13.4 Tests and examples enforce the list_notes contract

Integration coverage in tests/integration/test_list_notes.py asserts the contract: - Default call uses the book scope, excludes files outside it, and sorts paths lexicographically. - Paging and filtering preserve total, keep offsets stable after sort, and prove substring queries work. - Scope traversal like ../secret raises ValueError; paths in responses are vault-relative POSIX with no drive prefixes.

The walkthrough examples/walkthrough/07_list_notes.py seeds a temp vault, runs list_notes, and prints the JSON response, providing an executable demo aligned with the spec.

13.5 Inventory-first listing reduces agent hallucination

list_notes grounds the agent in what actually exists before it speculates. The response carries real vault-relative paths, titles, ids (when present), and tags, so downstream reasoning can cite concrete artifacts instead of inventing notes. Deterministic sort and paging let the agent revisit slices without drift, keeping deliberation reproducible. Using the default book scope biases exploration toward curated material while still allowing scoped overrides. Coupled with search_notes, the agent can pivot from inventory to relevance without hallucinating structure or filenames.

13.6 Listing as a foundation for navigation patterns

Because results include path, title, id, mtime, and tags, list_notes can feed MoCs, tag indexes, and timeline views without another crawl. POSIX vault-relative paths drop directly into wikilinks or JSON outputs used by downstream compilers. Stable sort options (path, title, mtime) let agents build reproducible navigation structures. Tag-conjunctive filtering is already MoC-friendly: a MoC can request specific tags to generate focused tables of contents. As new navigation surfaces emerge, this tool supplies the canonical, scope-bounded inventory to populate them.

14 Pattern: Journaling & Agent Memory (No New Tool)

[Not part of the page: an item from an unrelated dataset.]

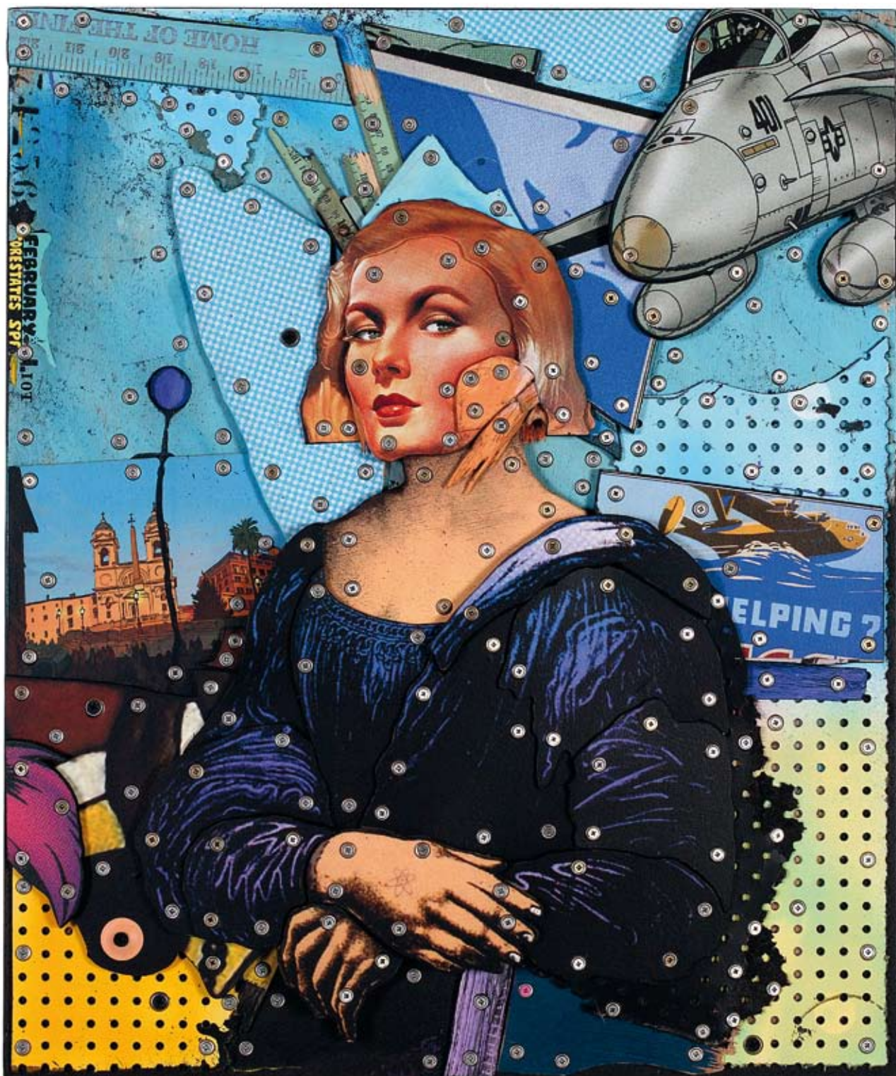
« Mona », assemblage de bois, collage acrylique, objets divers, 60 x 50, 2012

14.1 Append-Only as the Agent Memory Primitive

Append-only journaling is the safest memory substrate for agents because it: - preserves chronological trace without accidental rewrites (aligns with D004/D005). - keeps diffs auditable and reversible; every entry is an additive fact. - removes locking and race complexity common in in-place edits. - works with existing tools (append_to_note on top of a created note) so no new surface area is needed.

This pattern treats each journal entry as an immutable breadcrumb, enabling replay, debugging, and alignment checks over long sessions.

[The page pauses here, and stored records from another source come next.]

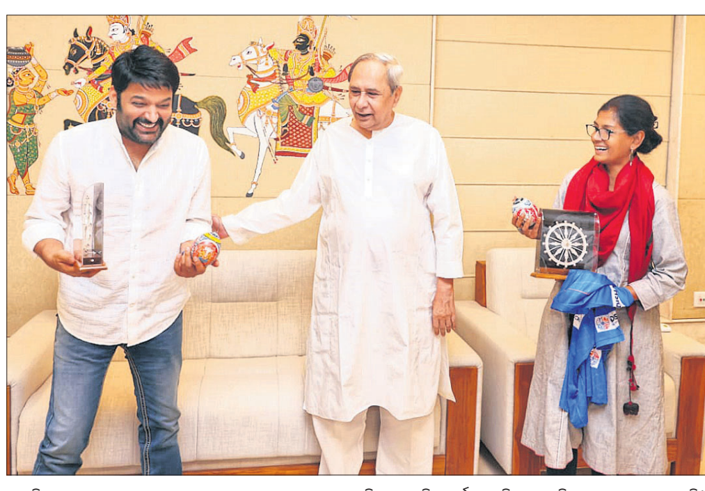
ନବୀନ ନିବାସରେ ଗୁରୁବାର ମୁଖ୍ୟମନ୍ତ୍ରୀ ନବୀନ ପଟ୍ଟନାୟକଙ୍କୁ ହାସ୍ୟ ଅଭିନେତା କପିଳ ଶର୍ମା ଓ ଅଭିନେତ୍ରୀ ନନ୍ଦିତା ଦାସ ସାକ୍ଷାତ୍ କରୁଛନ୍ତି।

ପିଲା କରୁଥିବା ଶିଳ୍ପୀଙ୍କୁ ଚାକିରି ଦେବା ପାଇଁ ନିର୍ଦ୍ଦେଶ ଦିଆଯାଇଛି।
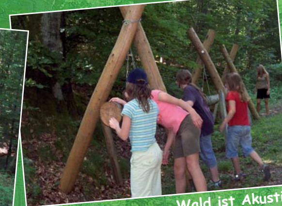
Wald ist Akustik
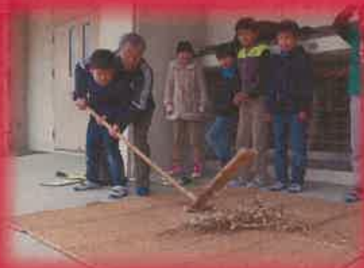
振り子で大豆の脱穀を試みたり…
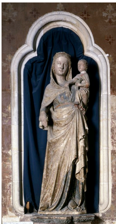
Vue générale, de face. IVR22_20010202738XA
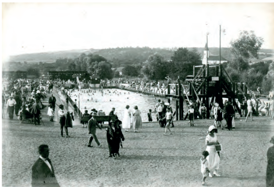
Gajdove kúpele (1925)

Po vzniku nového štátu začali české športové zväzy v duchu nových pomerov prijímať názov československý a prenášať svoje pôsobenie aj do východnej časti spoločného štátu. V tomto prípade, ale organizačný vývoj prebiehal podľa iného scenára. V Čechách pred vojnou nemali plavecké sub-
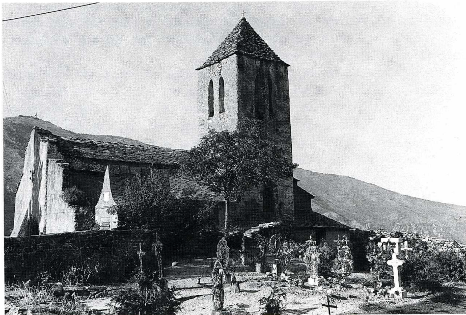
Fontpédrouse (Pyrénées-Orientales). Église de la Trinité à Prats-Balaguer, vue du sud-ouest et plan.

(Pyrénées-Orientales, canton de Mont-Louis, arrond. de Prades, 108 hab.)
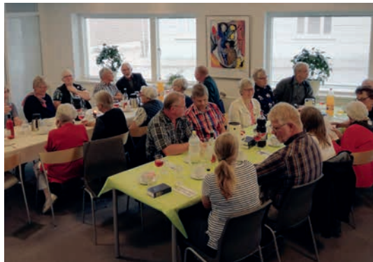
Mange var mødt op på den store dag

Da stillingsopslaget til den nye præstestilling skulle skrives, valgte man at opgive bopælspligten med tanke på at sælge præsteboligen i Jernved.
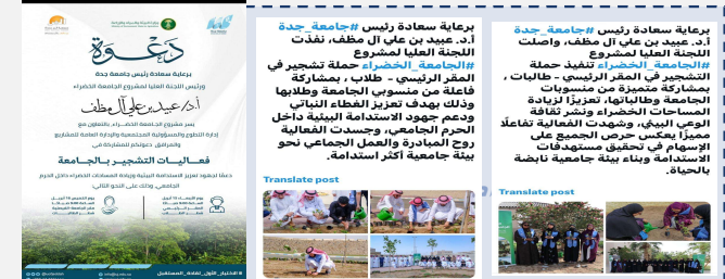
فعالية التشجير بجامعة جدة
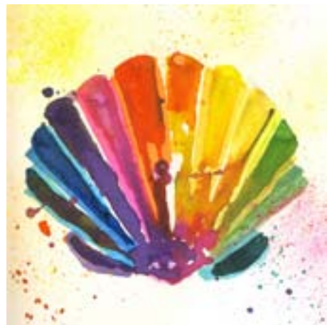
Grafiken: Pfeffer
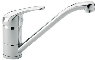
Mischbatterie S1000 - RO 8443 002
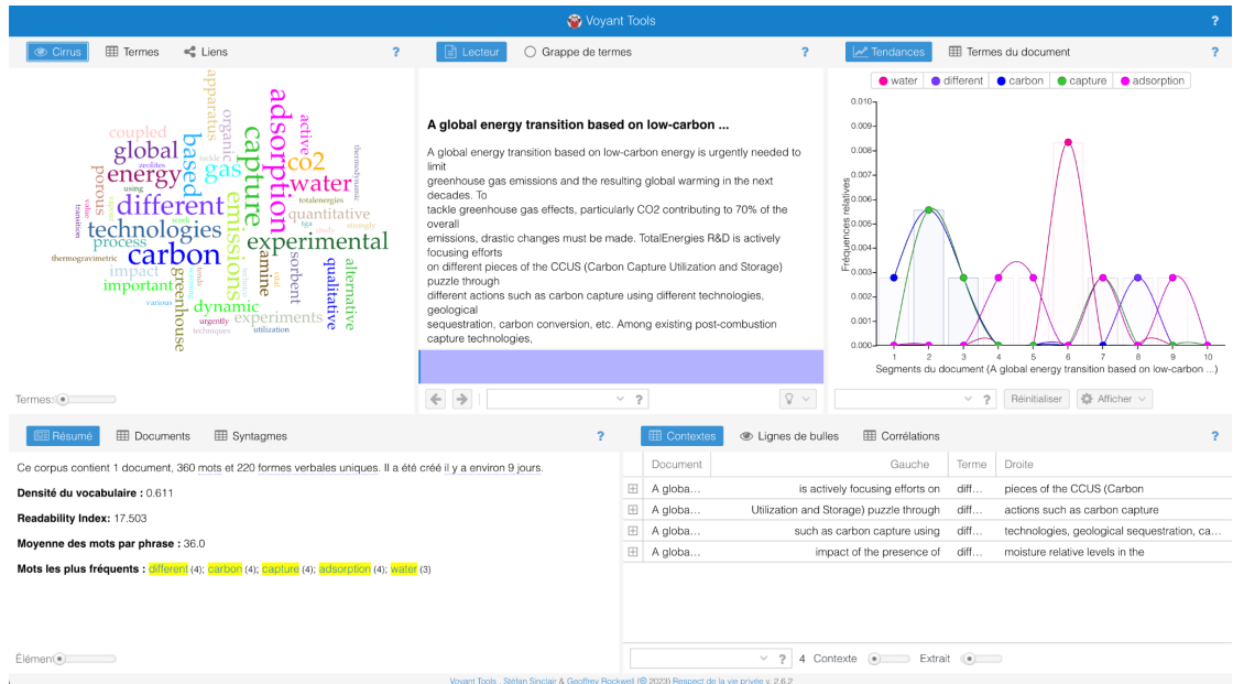
Annexe 3. Figure 3 : Test de l'outil Voyant
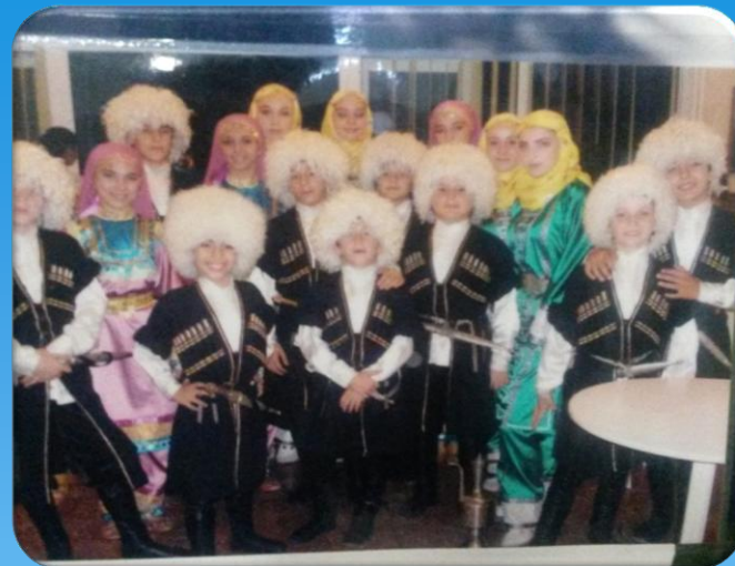
Президент комплекс концерт
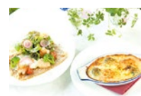
季節限定ランチは10月から「ガレットランチ」「グラタンランチ」がスタート。

特典 「シティライフを見た」でオーガニックグラスワインまたはソフトドリンクを1杯サービス(9月末まで)
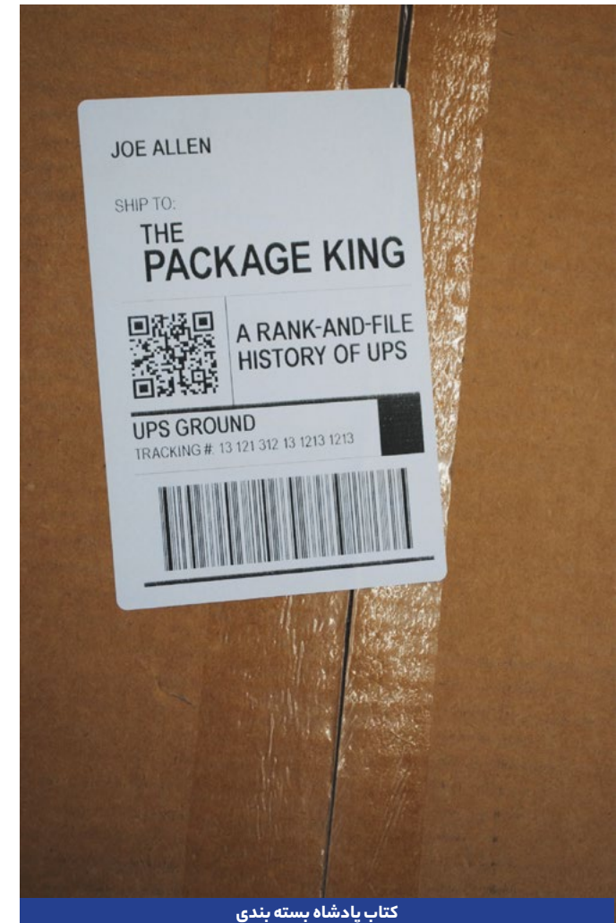
کتاب پادشاه بسته بندی

جو آلن در این کتاب در رابطه با شرکت UPS خواننده را با محتوای جدیدی روبرو می کند: شرکت معروفی که اطلاعات جسته و گریخته ای درباره آن داریم، چه ماهیتی دارد؟ شرکتی که به عنوان سرویس تحویل کالا با دوچرخه در سیاتل و واشینگتن شروع به کار کرد، چگونه تبدیل به یک غول جهانی شد؟ چگونه جایگزین جنرال موتورز، نماد سرمایه داری آمریکا شد تا به بزرگترین کارفرمای بخش خصوصی و اتحادیه ای در ایالات متحده تبدیل شود؟ و این روند صعودی، چه هزینه ای برای کارگران آن در پی داشته؟!
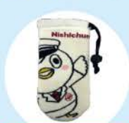
ペットボトルホルダー

14.2 Daily Note Naming and Location

Convention for journaling within the D011 fence (Book Zettel/MCP with DSPy Theory and Application/): - Title format: Journal YYYY-MM-DD (sanitizes to Journal_YYYY-MM-DD.md), sortable and unambiguous. - All journal files live directly under the fence (no absolute paths; D012 keeps references vault-relative). - Reuse the same note for the day; all entries append to this file.

Rationale: - Predictable naming makes list_notes/search_notes cheap and targeted to a handful of candidates. - Staying inside the fence avoids accidental writes elsewhere in the vault.

14.3 Create-If-Missing and Append Safely

Operational recipe: 1) Probe for the daily note; if absent, call write_note(title=Journal YYYY-MM-DD) to create it. Default overwrite=false enforces D004/D005. 2) Add entries with append_to_note(note_id=Journal_YYYY-MM-DD); do not flip overwrite=true unless rerunning an idempotent migration. 3) Keep entries timestamped inside the body so the audit trail is visible when reading.

Why this matters: - Separates creation from mutation, reducing blast radius when a creation step is retried. - Aligns with append-only intent while still allowing explicit recovery paths when necessary.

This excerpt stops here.